- **ABOUT THIS TASK**
From the first line to the last, copy the material word for word; pictures stay out.

- **INFORMATION GIVEN**
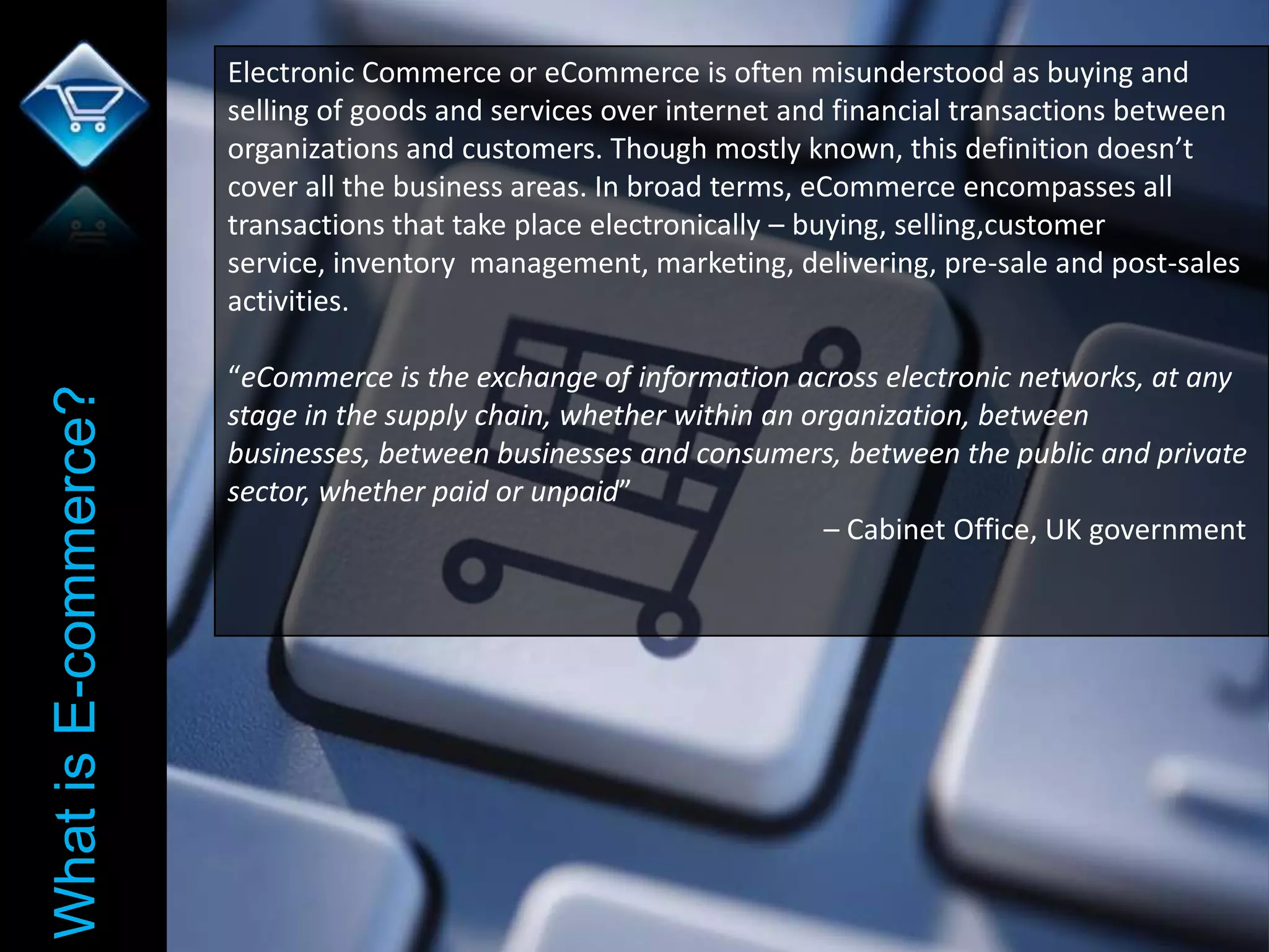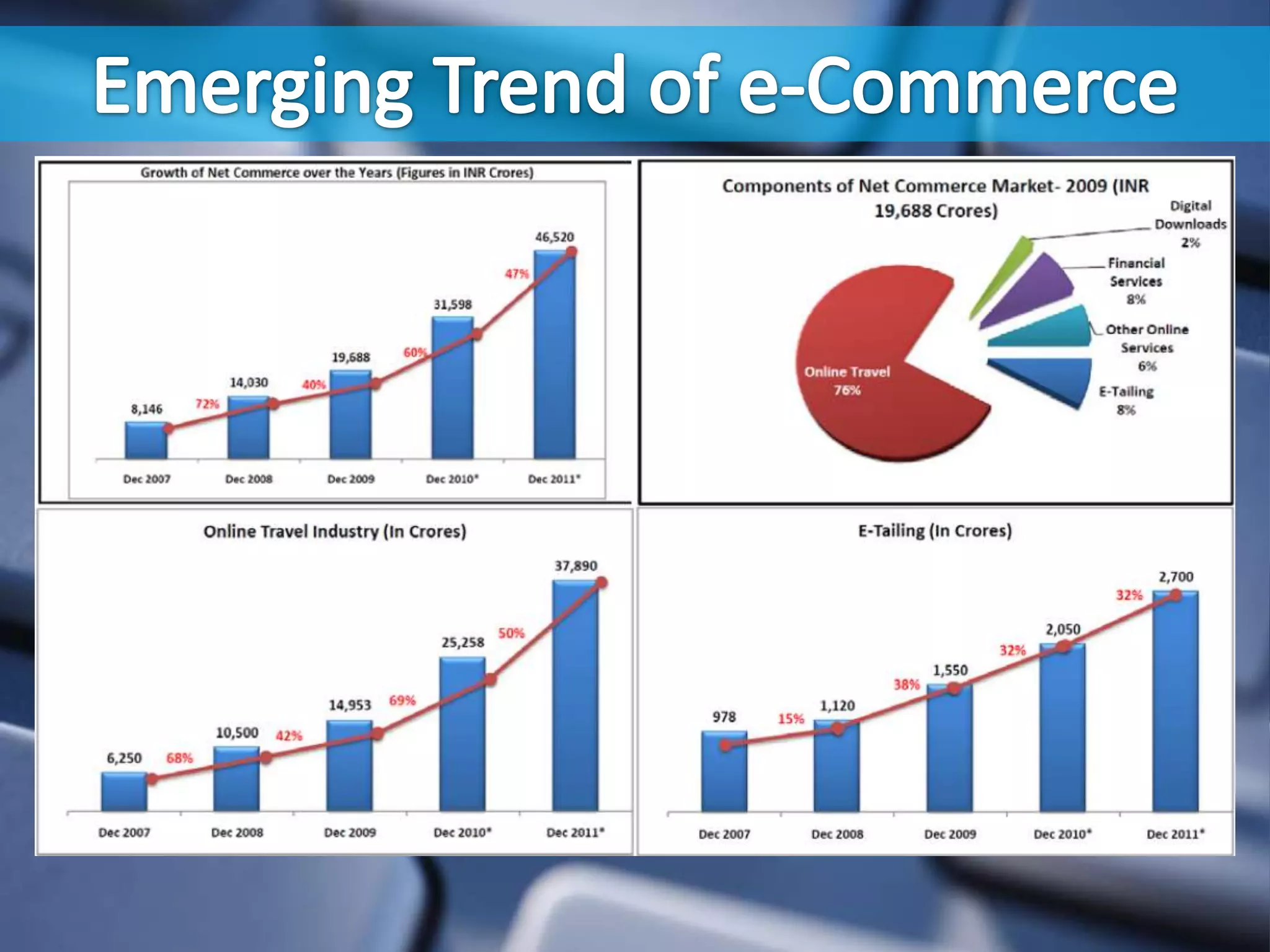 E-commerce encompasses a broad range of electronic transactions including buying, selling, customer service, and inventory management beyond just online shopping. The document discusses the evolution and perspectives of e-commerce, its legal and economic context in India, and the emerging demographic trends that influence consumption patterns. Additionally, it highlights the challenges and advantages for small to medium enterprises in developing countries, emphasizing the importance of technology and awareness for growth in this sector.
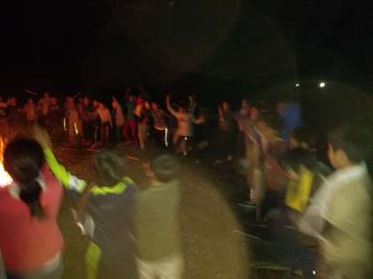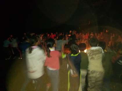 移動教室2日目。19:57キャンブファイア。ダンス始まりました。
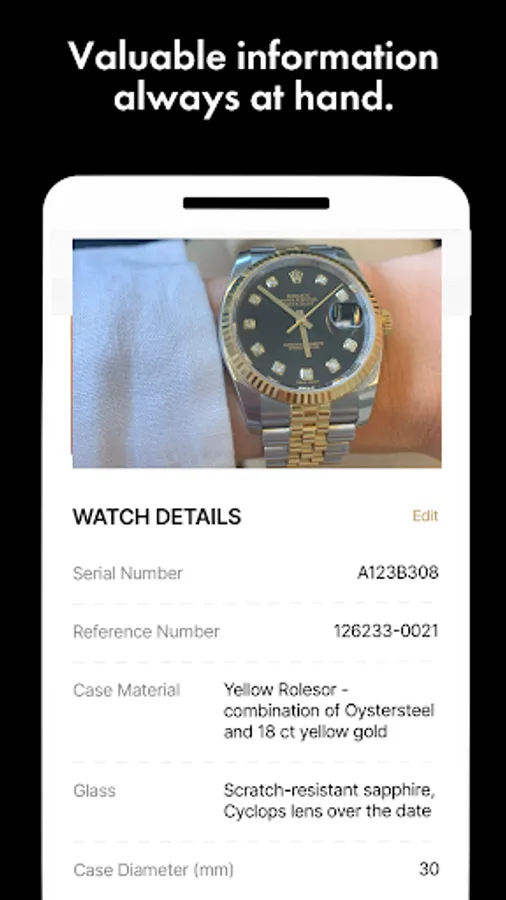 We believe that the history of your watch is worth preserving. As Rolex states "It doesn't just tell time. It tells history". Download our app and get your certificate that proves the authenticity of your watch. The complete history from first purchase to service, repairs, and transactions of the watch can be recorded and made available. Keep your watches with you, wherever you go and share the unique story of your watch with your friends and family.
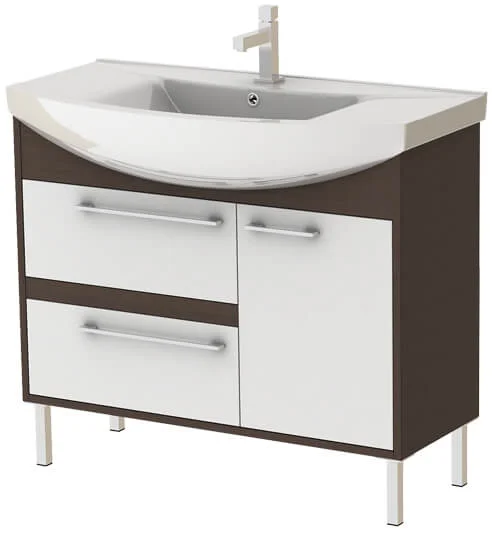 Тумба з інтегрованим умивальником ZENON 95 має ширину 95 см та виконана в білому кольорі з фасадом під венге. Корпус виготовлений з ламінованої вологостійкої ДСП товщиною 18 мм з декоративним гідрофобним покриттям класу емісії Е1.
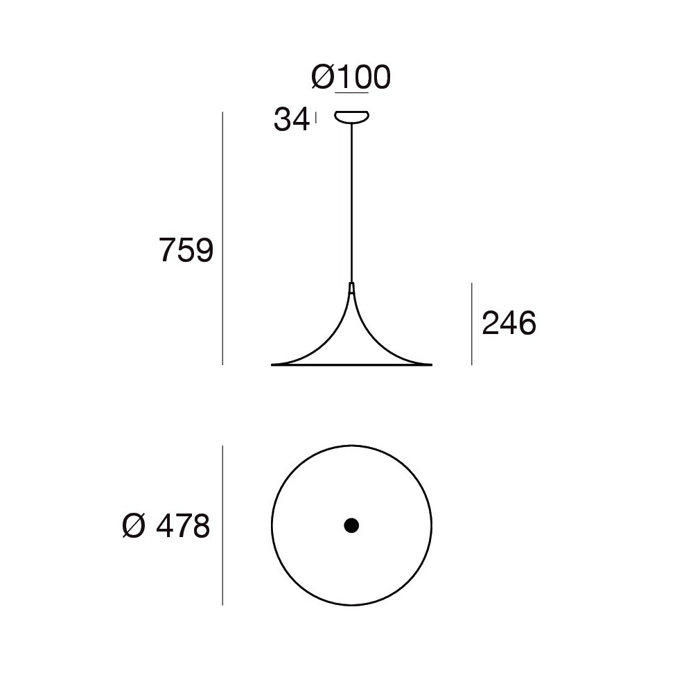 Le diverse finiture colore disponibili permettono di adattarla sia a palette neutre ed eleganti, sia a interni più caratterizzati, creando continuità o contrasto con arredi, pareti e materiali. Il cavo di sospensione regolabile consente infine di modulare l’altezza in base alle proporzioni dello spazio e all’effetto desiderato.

- **EXERCISE ANSWER**
 E-commerce encompasses a broad range of electronic transactions including buying, selling, customer service, and inventory management beyond just online shopping. The document discusses the evolution and perspectives of e-commerce, its legal and economic context in India, and the emerging demographic trends that influence consumption patterns. Additionally, it highlights the challenges and advantages for small to medium enterprises in developing countries, emphasizing the importance of technology and awareness for growth in this sector.
 移動教室2日目。19:57キャンブファイア。ダンス始まりました。
 We believe that the history of your watch is worth preserving. As Rolex states "It doesn't just tell time. It tells history". Download our app and get your certificate that proves the authenticity of your watch. The complete history from first purchase to service, repairs, and transactions of the watch can be recorded and made available. Keep your watches with you, wherever you go and share the unique story of your watch with your friends and family.
 Тумба з інтегрованим умивальником ZENON 95 має ширину 95 см та виконана в білому кольорі з фасадом під венге. Корпус виготовлений з ламінованої вологостійкої ДСП товщиною 18 мм з декоративним гідрофобним покриттям класу емісії Е1.
 Le diverse finiture colore disponibili permettono di adattarla sia a palette neutre ed eleganti, sia a interni più caratterizzati, creando continuità o contrasto con arredi, pareti e materiali. Il cavo di sospensione regolabile consente infine di modulare l’altezza in base alle proporzioni dello spazio e all’effetto desiderato.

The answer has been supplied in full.